Batterie allo stato solido, Stellantis svolta nei test. Maggiore autonomia, ricarica più rapida e costi inferiori

La Dodge Charger Daytona sperimenta su strada le nuove celle Factorial FEST per rivoluzionare con le batterie allo stato solido l’autonomia delle future vetture elettriche globali. Questo è il nuovo passo di Stellantis.

Un laboratorio mobile affronta i primi collaudi dinamici su percorsi aperti al pubblico per verificare la risposta complessiva dei nuovi accumulatori in condizioni ambientali reali.

La Dodge Charger Daytona sperimenta su strada le nuove celle Factorial FEST per rivoluzionare con le batterie allo stato solido

Batterie allo stato solido, le caratteristiche chimiche delle celle Factorial FEST

I tecnici dichiarano una densità energetica pari a 375 Wh/kg registrando sessioni di rifornimento ultrarapido capaci di coprire dal 15% al 90% in appena 18 minuti. Il sistema garantisce un funzionamento impeccabile in un intervallo termico oscillante tra i -30 °C ed i 45 °C complessivi.
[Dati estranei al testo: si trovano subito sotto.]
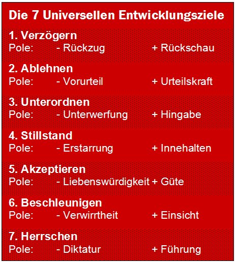 Entwicklungsziel – was bedeutet das überhaupt? Es geht hier nicht darum, sich im moralischen Sinne zu vervollkommnen. Eher sollen Menschen möglichst viele unterschiedliche Erfahrungen machen, die für die Entwicklung - nicht nur der Seele - wertvoll sind. Dabei sollen alle Aspekte unserer Welt erfahren werden. Die Entwicklungsziele werden durch drei gegensätzliche Ziel-Paare und einem neutralen Ziel gebildet: Verzögern und Beschleunigen; Ablehnen und Akzeptieren; Herrschen und Unterordnen; neutraler Mittelpunkt ist der Stillstand.
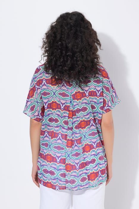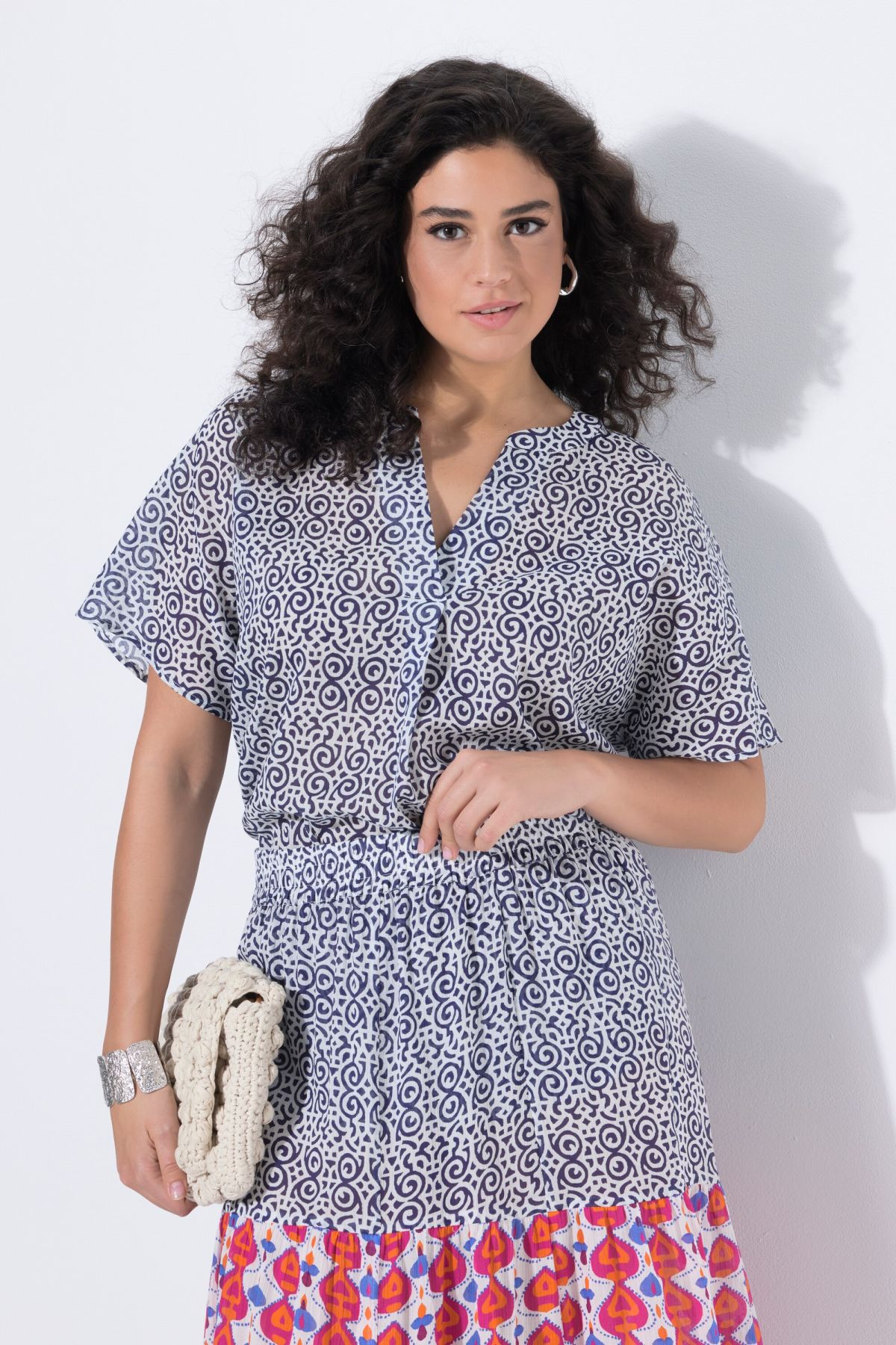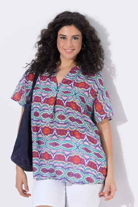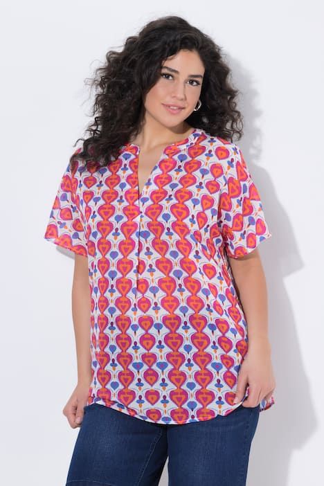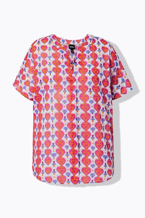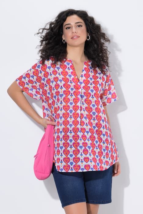 Imprimé tendance, Col très légèrement montant, décolleté en V et pli fantaisie, Coupe évasée et confortable, avec épaules basses, Manches courtes, Pur coton, Long. selon taille env. 70-78 cm.
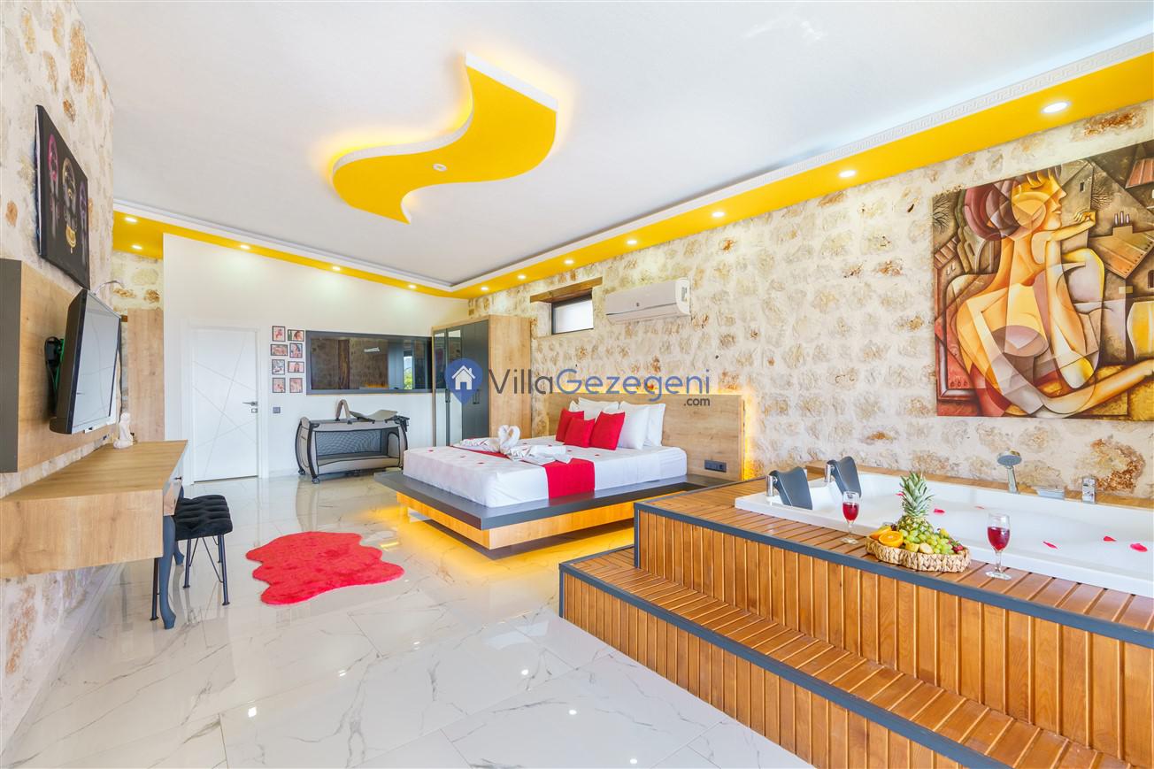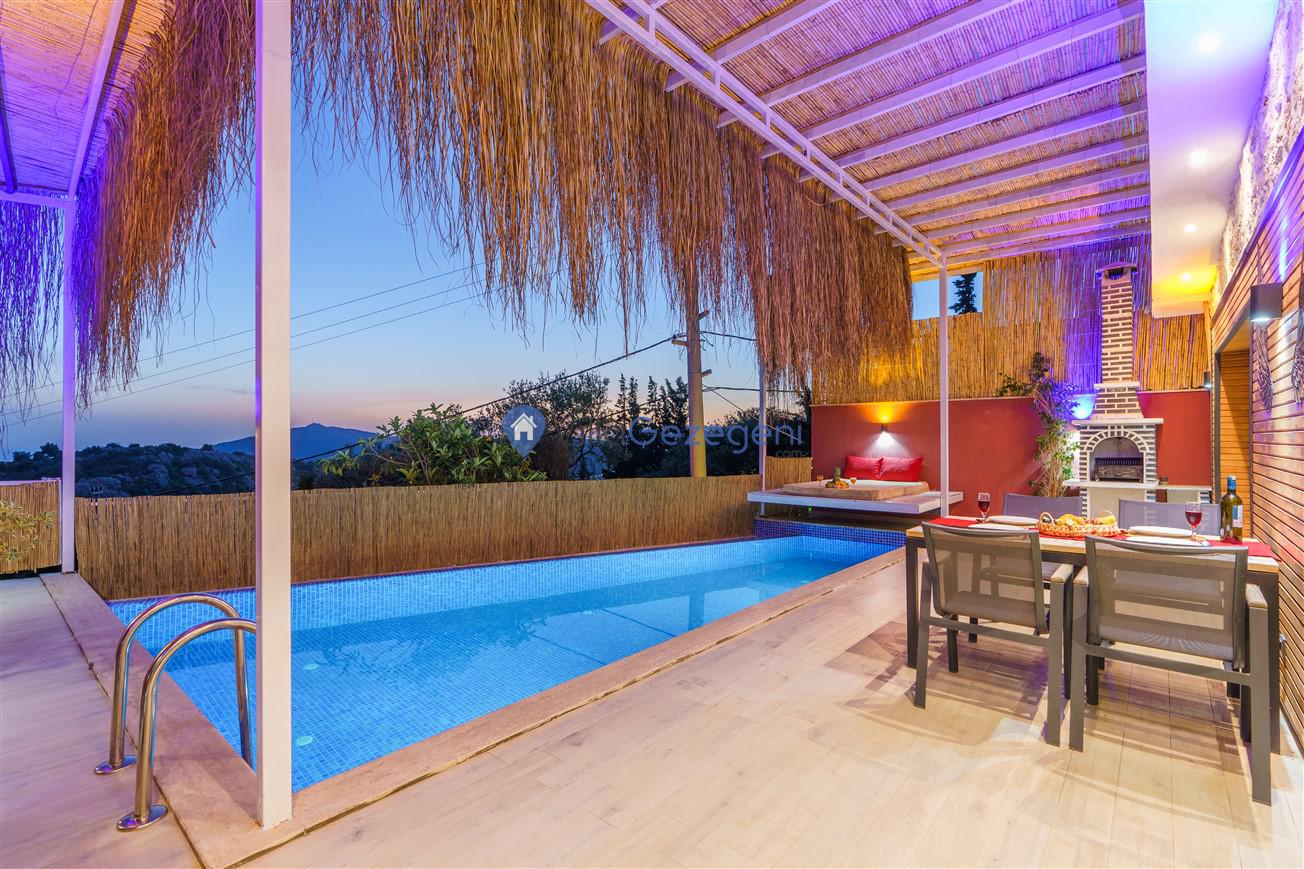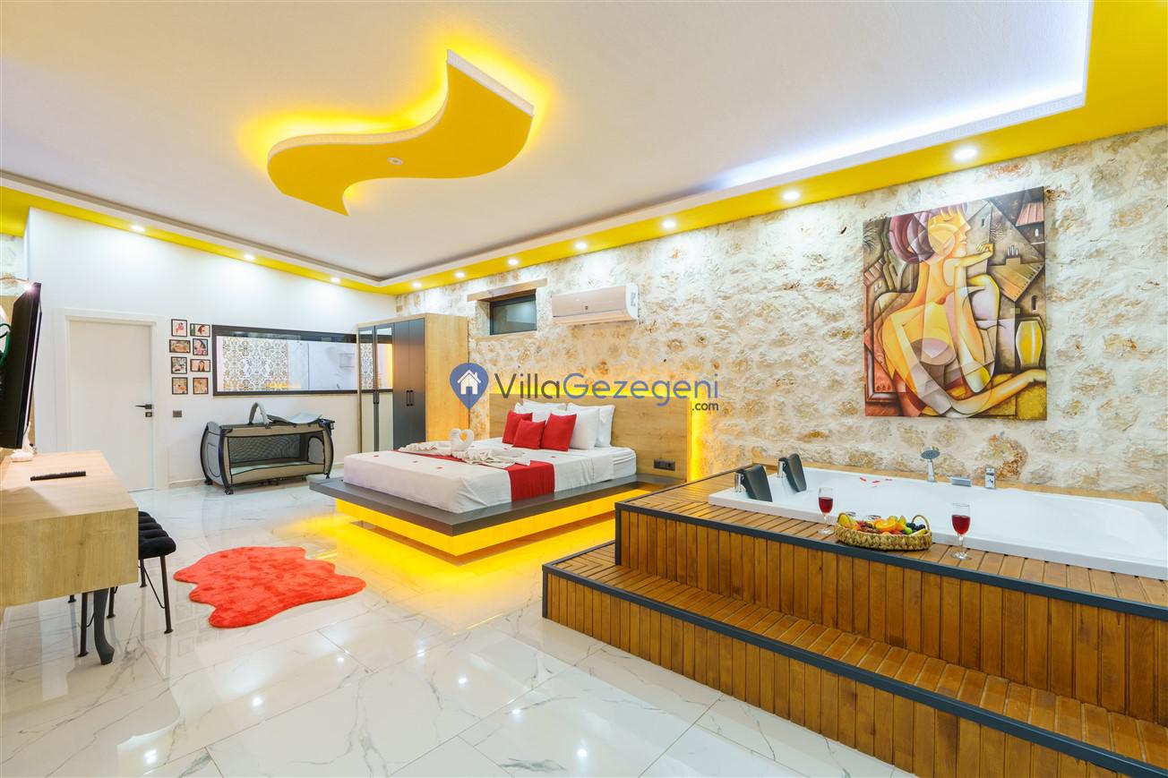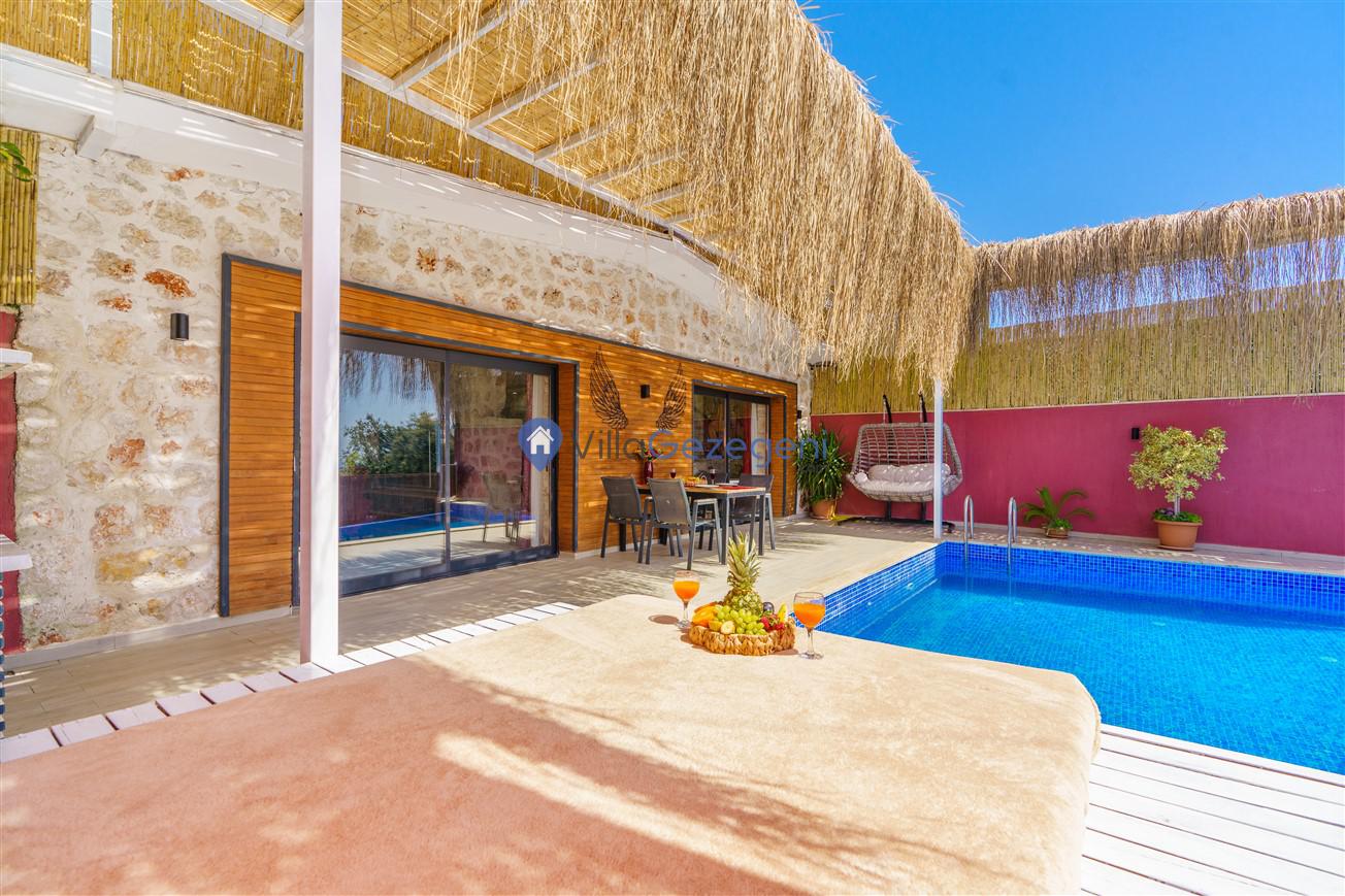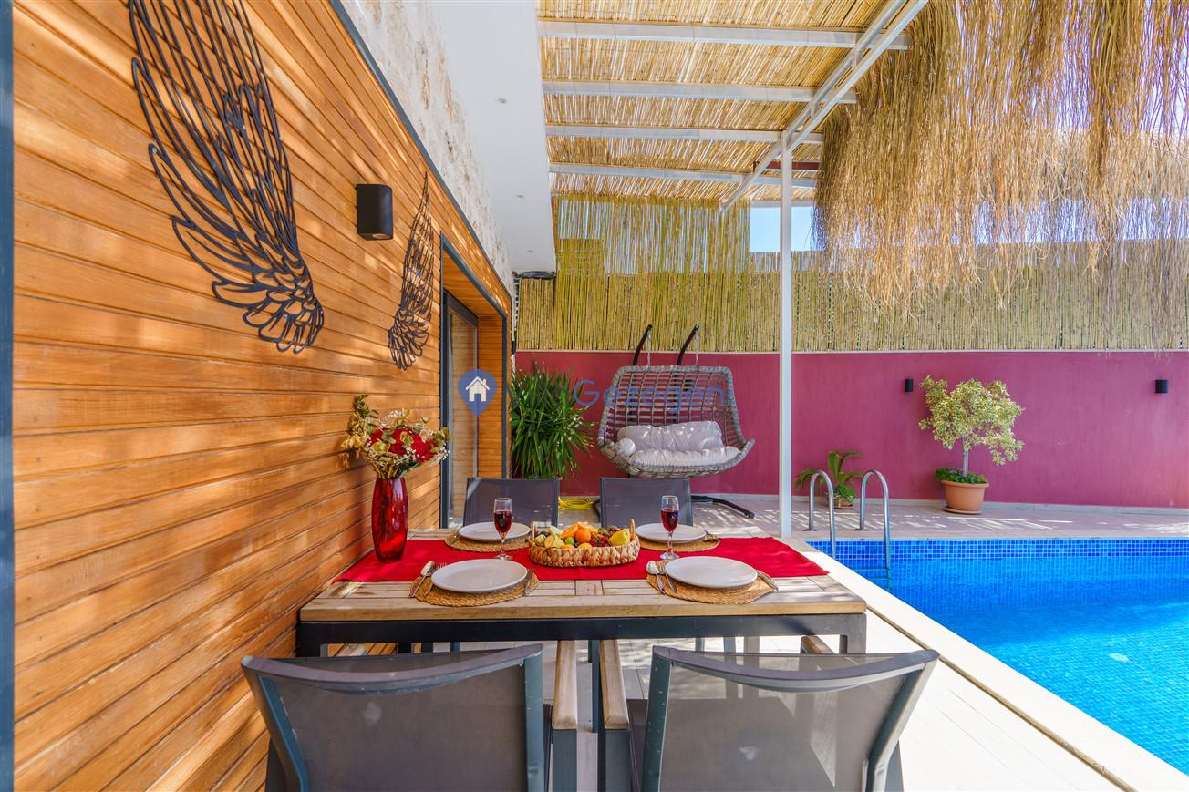 Kalkan Kördere mevkiinde bulunan tek yatak odalı 2 kişilik merkeze yakın muhafazakar balayı villası

Il Chief Engineering and Technology Officer di Stellantis, Ned Curic, evidenzia: “Sviluppare batterie è una questione di equilibrio. Non è sufficiente ottimizzare una singola metrica. Abbiamo bisogno di un sistema che offra vantaggi reali in un veicolo reale. Questo traguardo dimostra che stiamo portando le batterie allo stato solido sempre più vicino ai nostri clienti, offrendo una maggiore autonomia, una ricarica più rapida e costi inferiori. Altrettanto importante, la forte compatibilità di FEST con i processi di produzione delle batterie agli ioni di litio è determinante per portare questa tecnologia su scala industriale.”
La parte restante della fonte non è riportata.